暖かい日差しのようなオーボエの旋律に気持ちが和む「雪解け」の後は、「ニューイヤーinニューヨーク」。まさにダイバーシティの街、とにかく何でもアリの、「salad bowl」と言われるニューヨークを感じる曲だ。騒がしく混沌とした中で前向きなメロディーが存在感を示し、超絶技巧のピアノとオーケストラの丁々発止がスリリングだった。
ボルテージが最高潮に達したところで「フィナーレ ―ただいまー」に突入すると、壮大なオーケストラにピアノがゴージャスな和音を添え、ラフマニノフのコンチェルトを思わせる。
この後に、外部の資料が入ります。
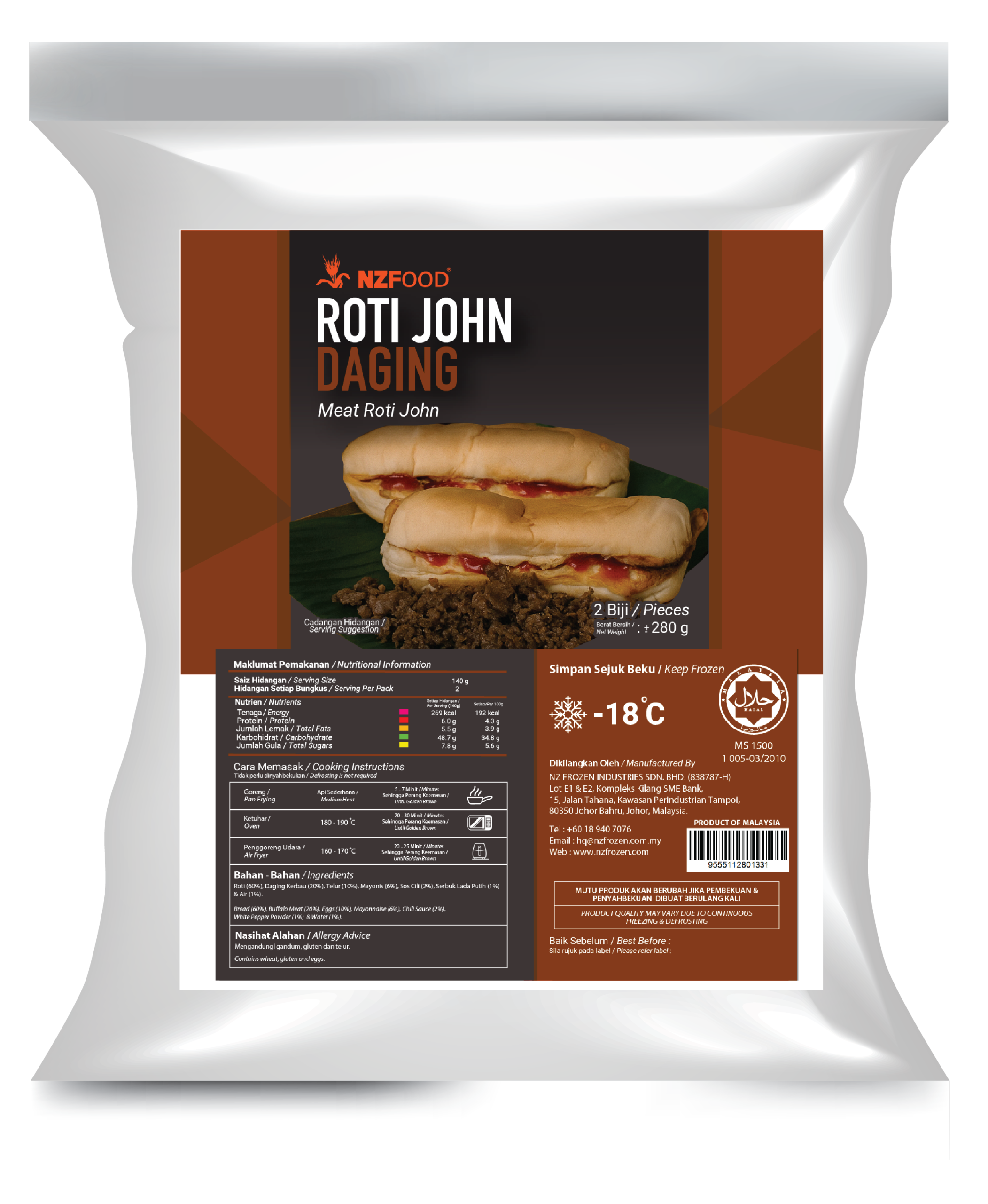 Bring the taste of the night market to your home with NZFood Roti John Daging. Each pack contains two ready-to-cook chicken sandwiches made with soft buns and a flavourful minced chicken filling. Perfect for breakfast, tea-time, or a late-night snack. Just heat from frozen for a satisfying, hearty meal in minutes.

最後の「3月の子守唄と終幕」は、グロッケンシュピールとハープでオルゴールのように子守唄を奏でた後、ドラが入ってグランドフィナーレ。まさに「THE END」の文字が見えるようだった。
自身の音楽のバックボーンを大切にしながら、一捻りある和声を使い、ゲーム音楽のような世界も見せ、現代的な要素を取り入れつつも、決して奇抜になりすぎず、ずっと耳が追いつける親しみやすさとノスタルジーを感じる大作だった。会場にはブラボーが飛び交い、聴衆はスタンディングオベーションで世界初演を讃えた。
鳴り止まない拍手に応え、アンコールは菊池とけいちゃんの連弾で、チック・コリアの「スペイン」。さりげなく「ラプソディ・イン・ブルー」のフレーズを紛れこませているところも心憎い。途中、プリモとセコンドを交代し、「トルコマーチ」、「運命」、「エリーゼのために」のフレーズも聞かせたかと思えば、最後はまた菊池の鍵盤ハーモニカで締めくくる。緊張から解き放たれた2人のハッピーオーラが会場いっぱいに広がり、聴衆はほぼ総立ちとなった。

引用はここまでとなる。